Beside the gently lapping waters of Gods Eye, a long gibbet of raw green wood had been thrown up, and things that had once been men dangled there, their feet in chains, while crows pecked at their flesh and flapped from corpse to corpse. For every crow there were a hundred flies. When the wind blew off the lake, the nearest corpse twisted on its chain, ever so slightly. The crows had eaten most of its face, and something else had been at it as well, something much larger. Throat and chest had been torn apart, and glistening green entrails and ribbons of ragged flesh dangled from where the belly had been opened.

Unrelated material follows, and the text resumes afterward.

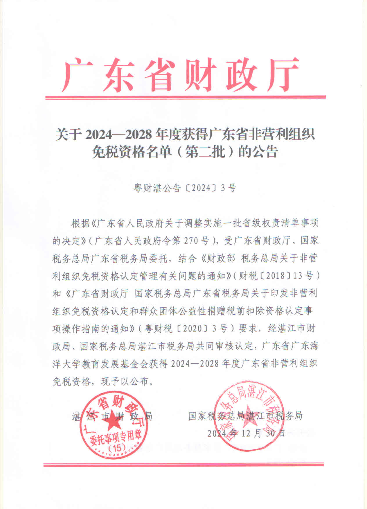 关于2024—2028年度获得广东省非营利组织免税资格名单(第二批)的公告
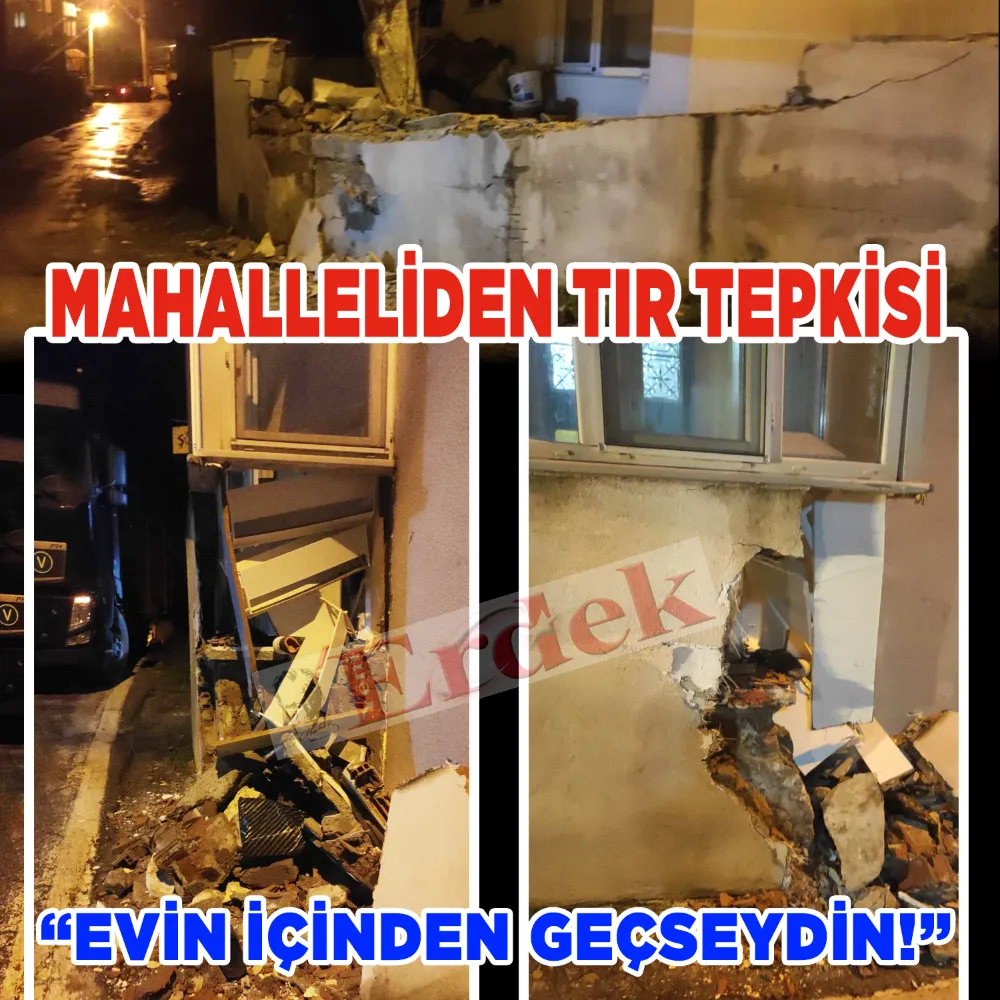 Keskin virajları ve dar sokaklarıyla bilinen mahallede, gece saatlerinde mahalle içinden geçmeye çalışan bir tırın manevra sırasında bir eve temas ettiği ve evin dış cephesinde zarar oluştuğu öğrenildi. Gürültüyle irkilen ev sahipleri büyük korku yaşarken, yaşanan olay mahallede tepkiye neden oldu.

One arm had been ripped right off the shoulder; Arya saw the bones a few feet away, gnawed and cracked, picked clean of meat.
She made herself look at the next man and the one beyond him and the one beyond him, telling herself she was hard as a stone. Corpses all, so savaged and decayed that it took her a moment to realize they had been stripped before they were hanged. They did not look like naked people; they hardly looked like people at all. The crows had eaten their eyes, and sometimes their faces. Of the sixth in the long row, nothing remained but a single leg, still ta
ngled in its chains, swaying with each breeze.
Fear cuts deeper than swords. Dead men could not hurt her, but whoever had killed them could. Well beyond the gibbet, two men in mail hauberks stood leaning on their spears in front of the long low building by the water, the one with the slate roof. A pair of tall poles had been driven into the muddy ground in front of it, banners drooping from each staff. One looked red and one paler, white or yellow maybe, but both were limp and with the dusk settling, she could not even be certain that red one was Lannister crimson. I don’t need to see the lion, I can see all the dead people, who else would it be but Lannisters?
Then there was a shout.
The two spearmen turned at the cry, and a third man came into view, shoving a captive before him. It was growing too dark to make out faces, but the prisoner was wearing a shiny steel helm, and when Arya saw the horns she knew it was Gendry. You stupid stupid stupid STUPID! she thought. If he’d been here she would have kicked him again.
The guards were talking loudly, but she was too far away to make out the words, especially with the crows gabbling and flapping closer to hand. One of the spearmen snatched the helm off Gendry’s head and asked him a question, but he must not have liked the answer, because he smashed him across the face with the butt of his spear and knocked him down. The one who’d captured him gave him a kick, while the second spearman was trying on the bull’s-head helm. Finally they pulled him to his feet and marched him off toward the storehouse. When they opened the heavy wooden doors, a small boy darted out, but one of the guards grabbed his arm and flung him back inside. Arya heard sobbing from inside the building, and then a shriek so loud and full of pain that it made her bite her lip.